Understand Allocation of matrix c

Question

I have the following function:

float **alloc_float_matrix(int n) {
    int i;
    float **m = (float**)calloc(n, sizeof(float*));
    for (i = 0; i < n; i++) {
        m[i] = (float*)calloc(n, sizeof(float));
    }
    return m;
}

I want to find out why is this works

float **m = (float**)calloc(n, sizeof(float*));

And how will be memory allocated. What i want to see is the layout of addresses. In this moment i think is: m is pointing to an array of arrays. And after that are the next n element for each array

m[1] m[2] m[3] m[4] m[5]... m[n] (row1)n[1] n[2] n[3] n[4] n[5] n[6] n[7] ...n[n] (row2)n[1] n[2] n[3] n[4] n[5] n[6] n[7] ...n[n]...

Is this representation correct?

Answer 1

What have you done here:

float **m = (float**)calloc(n, sizeof(float*));

1. You have created a pointer of type float**.

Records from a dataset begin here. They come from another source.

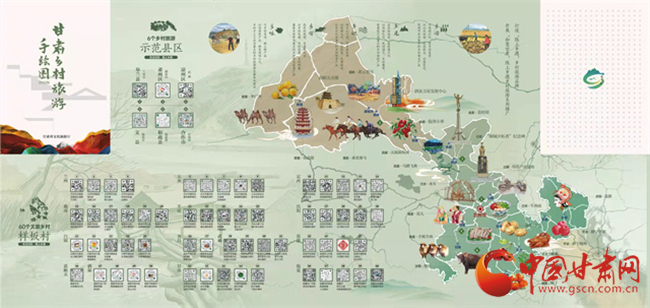據了解,為了深入推進文旅市場復蘇百日攻堅行動,加強產品開發(fā)供給,促進鄉(xiāng)村旅游升溫,省文旅廳于12月13日發(fā)布了2022版甘肅鄉(xiāng)村旅游手繪圖。手繪圖以“相約隴原促振興·富了口袋富腦袋”為主題,對2022年創(chuàng)建的6個鄉(xiāng)村旅游示范縣,60個文旅振興鄉(xiāng)村樣板村開發(fā)設計了電子“二維碼”,設置了甘肅省鄉(xiāng)村旅游60條四季精品線路,幫助游客品味鄉(xiāng)村風情、感知鄉(xiāng)村文化、體驗鄉(xiāng)村魅力,進一步展示甘肅鄉(xiāng)村旅游新形象、擴大鄉(xiāng)村旅游影響力,做亮“隴上鄉(xiāng)遇”鄉(xiāng)村旅游品牌,打造“隴上鄉(xiāng)遇”鄉(xiāng)村旅游全景圖。
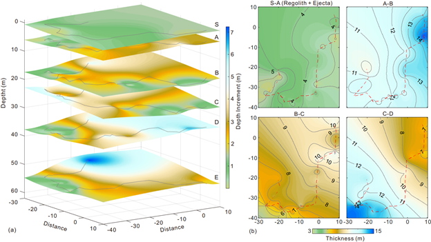 该研究对LPR通道一的浅层数据进行了重新处理,在10-40米的深度范围内发现了水平向的连续性强能量反射(图1a),与50多米深的雨海纪顶层反射较为类似。将雷达数据沿测线重新投影,再根据强弱反射可以识别出层状界面(图1b),表明在嫦娥三号着陆区下面应该存在多层爱拉托逊纪火山岩。
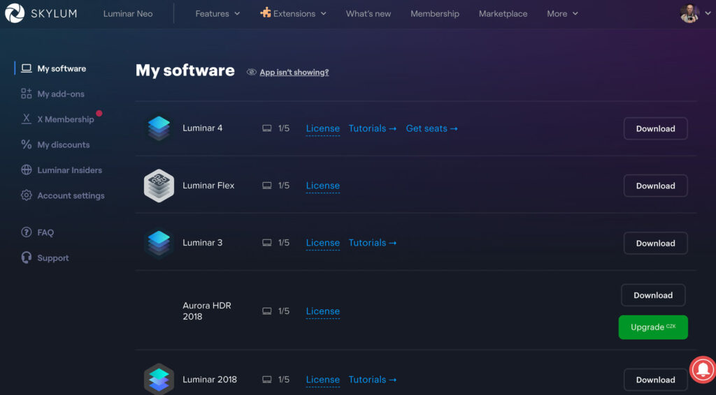 Extras / Extensions (Doplňky) jsou čtvrtou důležitou sekcí, které stojí trochu bokem. Jak název napovídá, Luminar Neo nabízí i některé speciální doplňky, které se mohou hodit pro důležité, ale přece jen specifické funkce. Pro potřeby tohoto článku jsem je nezkoumal, ale časem se k nim vrátím – osobně mě třeba láká vyzkoušet rozšíření Upscale, které by mělo umět vzít malou nekvalitní fotku a “dopočítat” jit do podoby, kde vynikne více detailů a půjde třeba vytisknout. Podobně zajímavě zní Background Removal, tedy nástroj pro odstranění pozadí – uvidíme, vyzkouším.
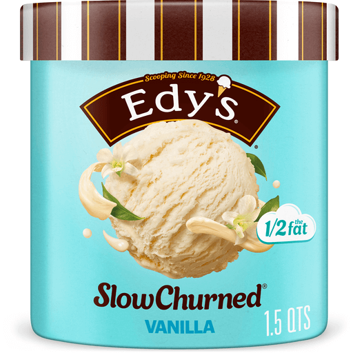 Discover a creamy, delicious treat with 1/2 the fat and 1/3 fewer calories than full-fat ice cream with Edy’s/Dreyer’s Slow Churned Classic Vanilla Light Ice Cream. Don’t be fooled by less fat and fewer calories, this light vanilla ice cream has all the creamy goodness of regular ice cream! Containing no artificial colors or flavors, this classic ice cream is also OU Kosher dairy certified and is made with milk and cream from cows not treated with the growth hormone rBST*. Chasing fireflies. Puppy kisses. Family movie nights. Some of the best things in life are uncomplicated. That’s why our vanilla light ice cream is made with basic ingredients like milk and cream. It’s the perfect way to celebrate the best little moments in life. How do we make Slow Churned light ice cream with 1/3 fewer calories and 1/2 the fat but with all the creaminess and goodness of regular ice cream? We start with milk and cream and mix our special recipe for scoops of perfection every time! For nearly a hundred years, Edy's/Dreyer's has been dedicated to serving you and your families the richest, creamiest ice cream with real, high-quality ingredients the whole family can enjoy together. Today, we honor our legacy of reinvention and optimism, by celebrating the ways people remix in their everyday lives. Whether your Saturday nights are a bit out of the ordinary, or you like adding a little something extra to your dessert. At Edy's/Dreyer's, we respect the remix, and we’re right there with you. Remixing Since Forever.
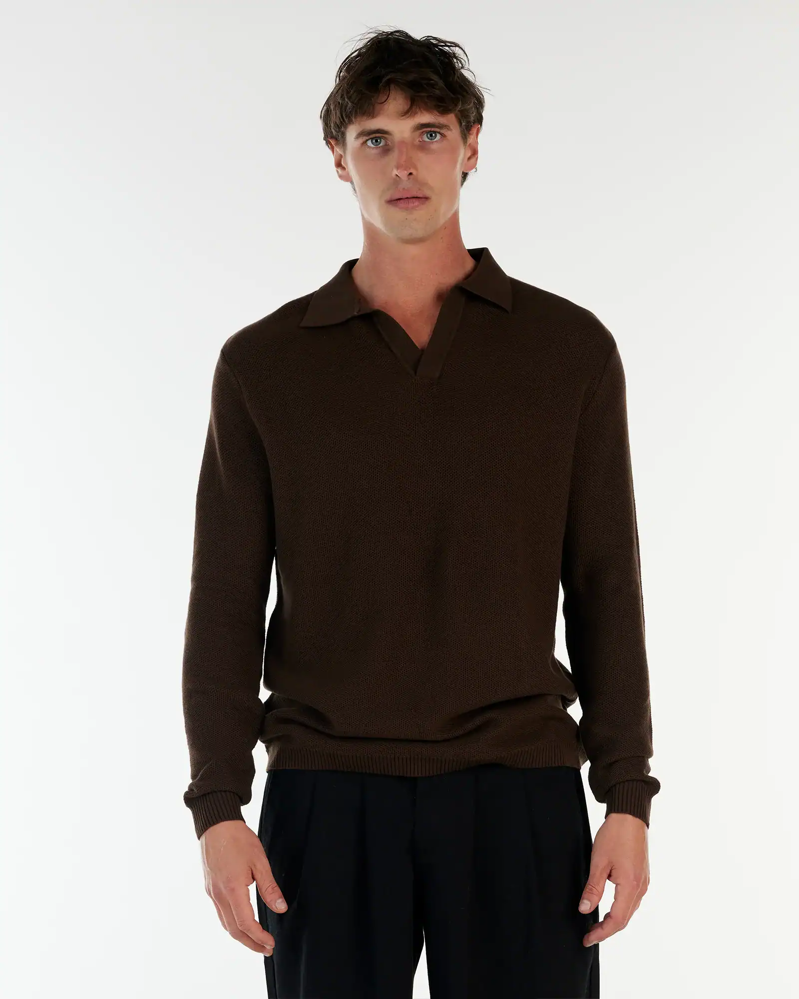 Crafted from 100% cotton and featuring a classic collar design without buttons, itโs available in both brown and black, making for an easy-wearing bit of kit that always looks good. Wear yours with moderately tapered trousers for a polished everyday look.

2. Then you assign this pointer the initial address of a sequential block of memory consisting of

   (n * sizeof(float*))

bytes. All these bytes have got the value of zero in them. You can address n elements now from this memory block, each holding

sizeof(float*)

bytes, i.e:

m[0], m[1], m[2], ... , m[n - 1]

where m[0] will return you the actual value of the first element from the memory block, which is a memory address.

3. The next thing you do is: you take each of these elements (m[0], m[1], etc.) and assign to each of them new different memory blocks at different memory locations. Each of these memory blocks consist of

   (n * sizeof(float*))

bytes and you can address n elements, where each element consists of

sizeof(float)

bytes, i.e:

(row 0) m[0][0], m[0][1], m[0][2], . . ., m[0][n - 1]

(row 1) m[1][0], m[1][1], m[1][2], . . ., m[1][n - 1]

. . .

(row n - 1) m[n - 1][0], m[n - 1][1], m[n - 1][2], . . ., m[n - 1][n - 1]

So overall, what you get is: An array, m, that holds n consecutive memory addresses where each of those memory addresses point to n memory blocks all located at different addresses. Each of them hold

(n * sizeof(float))

bytes, all consecutive. You cannot say that the next memory location after m[0][n - 1] is m[1][0], but you can say that the next memory location after m[0][n - 2] is m[0][n - 1]

Answer 2

The line

float **m = (float**)calloc(n, sizeof(float*));

allocates n pointers of type float*. In the next loop, all of the n float* are assigned to another n float*.

In the line mentioned above you first create n float-pointers that are like a one-dimensional array. In the loop, all of these pointers are assigned to another n-sized 'array' and you get a nxn matrix.